__Problem to solve__. Return the data below exactly, minus the pictures.

__Data extract__.
--

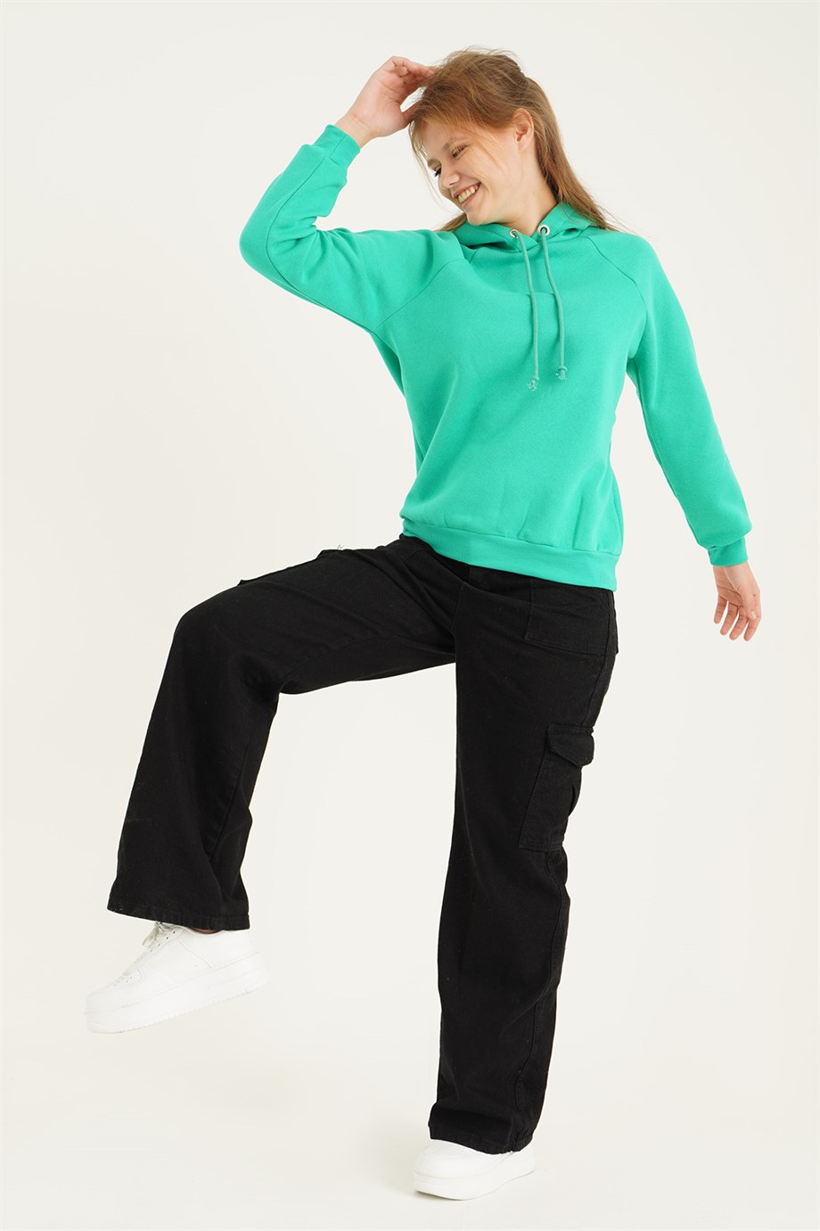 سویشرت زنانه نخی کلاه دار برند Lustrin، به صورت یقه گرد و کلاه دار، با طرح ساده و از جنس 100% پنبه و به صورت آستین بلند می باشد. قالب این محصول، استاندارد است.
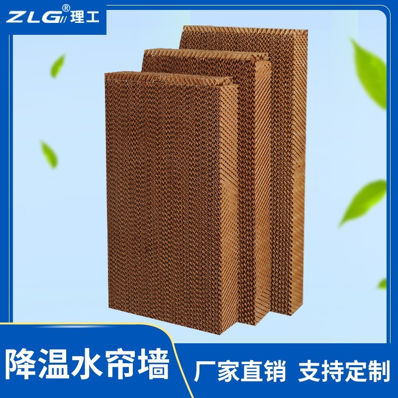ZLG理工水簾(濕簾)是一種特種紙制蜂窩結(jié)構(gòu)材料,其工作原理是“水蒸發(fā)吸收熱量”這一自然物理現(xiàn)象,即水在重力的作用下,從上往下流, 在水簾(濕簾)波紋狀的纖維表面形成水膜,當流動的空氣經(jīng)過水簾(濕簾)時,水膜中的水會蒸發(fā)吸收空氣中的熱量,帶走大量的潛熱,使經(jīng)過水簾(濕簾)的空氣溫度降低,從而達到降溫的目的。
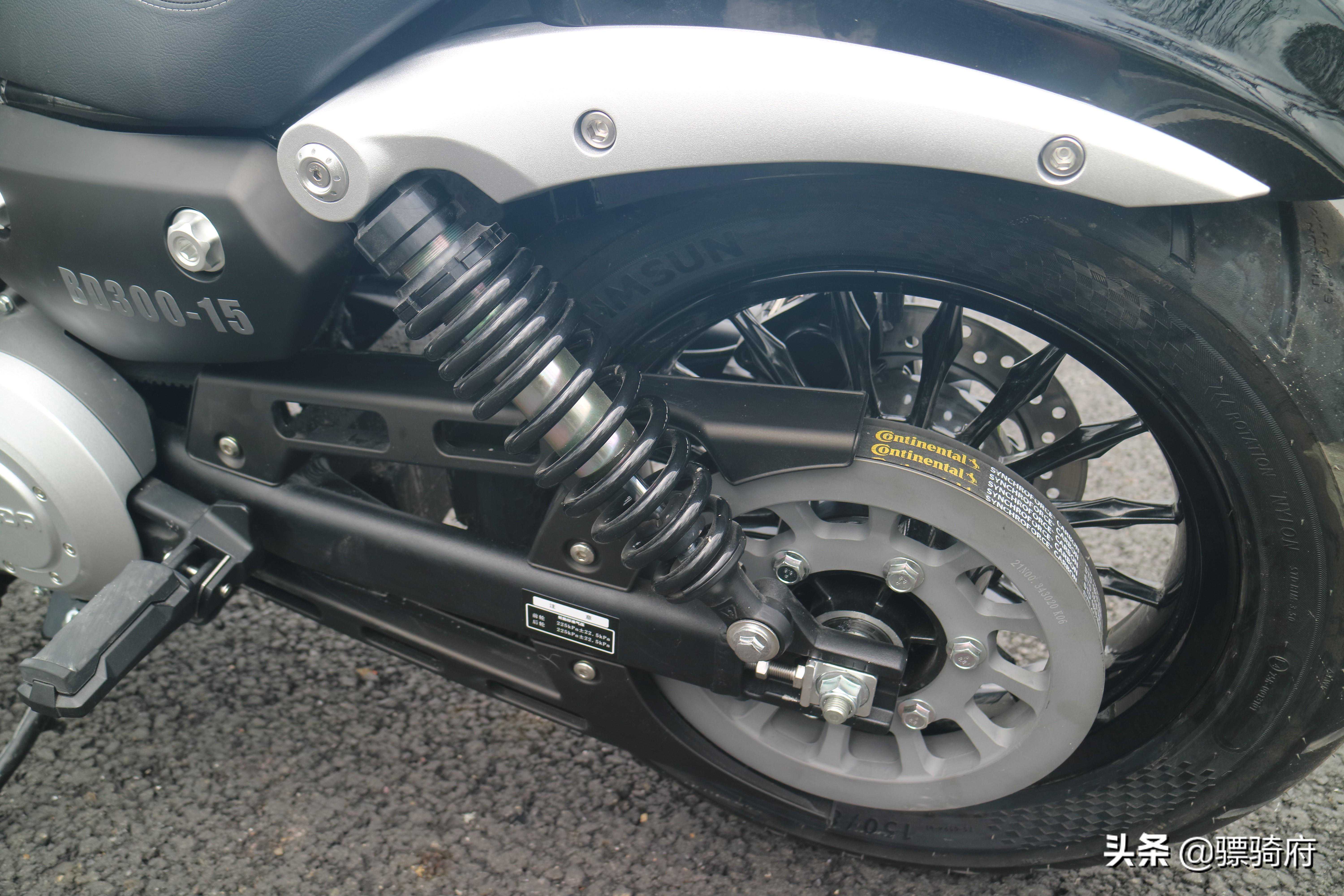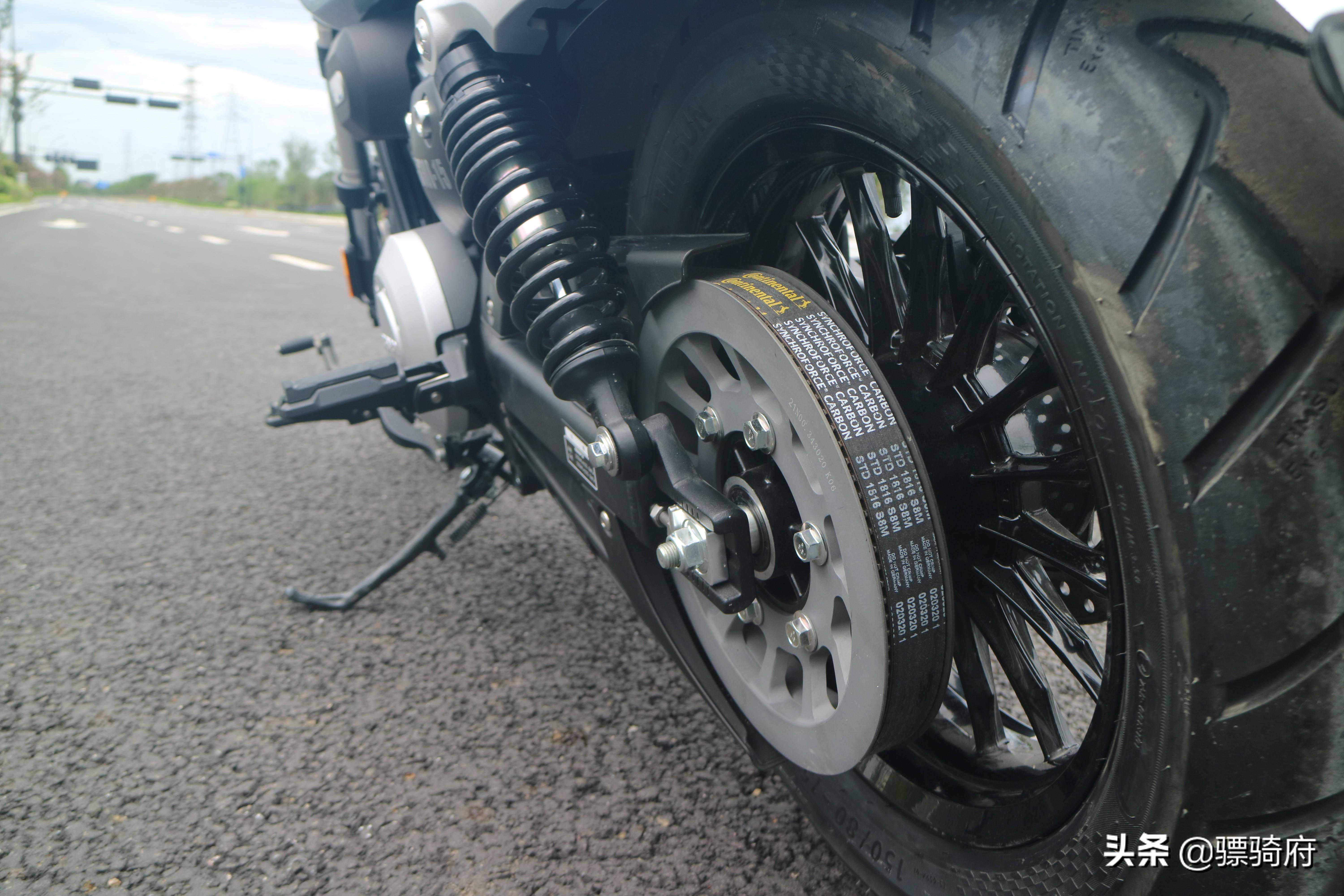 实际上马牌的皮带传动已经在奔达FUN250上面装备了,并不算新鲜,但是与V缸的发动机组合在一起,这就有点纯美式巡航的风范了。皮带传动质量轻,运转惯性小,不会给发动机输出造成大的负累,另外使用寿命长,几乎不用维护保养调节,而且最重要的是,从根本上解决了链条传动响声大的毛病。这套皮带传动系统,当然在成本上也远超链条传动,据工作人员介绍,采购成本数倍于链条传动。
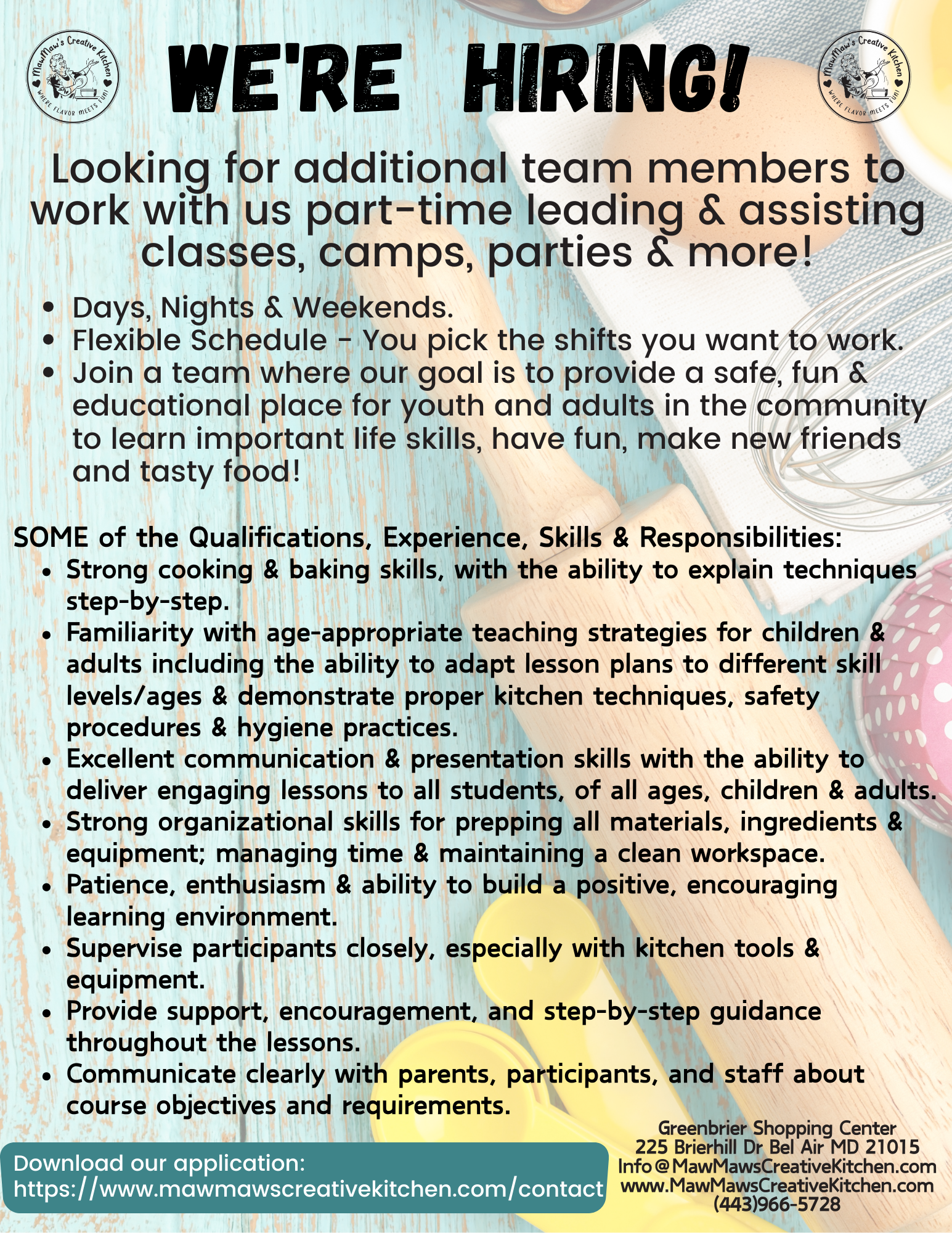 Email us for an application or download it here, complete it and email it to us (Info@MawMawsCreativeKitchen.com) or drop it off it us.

--

__Exercise result__.
 سویشرت زنانه نخی کلاه دار برند Lustrin، به صورت یقه گرد و کلاه دار، با طرح ساده و از جنس 100% پنبه و به صورت آستین بلند می باشد. قالب این محصول، استاندارد است.
ZLG理工水簾(濕簾)是一種特種紙制蜂窩結(jié)構(gòu)材料,其工作原理是“水蒸發(fā)吸收熱量”這一自然物理現(xiàn)象,即水在重力的作用下,從上往下流, 在水簾(濕簾)波紋狀的纖維表面形成水膜,當流動的空氣經(jīng)過水簾(濕簾)時,水膜中的水會蒸發(fā)吸收空氣中的熱量,帶走大量的潛熱,使經(jīng)過水簾(濕簾)的空氣溫度降低,從而達到降溫的目的。
 实际上马牌的皮带传动已经在奔达FUN250上面装备了,并不算新鲜,但是与V缸的发动机组合在一起,这就有点纯美式巡航的风范了。皮带传动质量轻,运转惯性小,不会给发动机输出造成大的负累,另外使用寿命长,几乎不用维护保养调节,而且最重要的是,从根本上解决了链条传动响声大的毛病。这套皮带传动系统,当然在成本上也远超链条传动,据工作人员介绍,采购成本数倍于链条传动。
 Email us for an application or download it here, complete it and email it to us (Info@MawMawsCreativeKitchen.com) or drop it off it us.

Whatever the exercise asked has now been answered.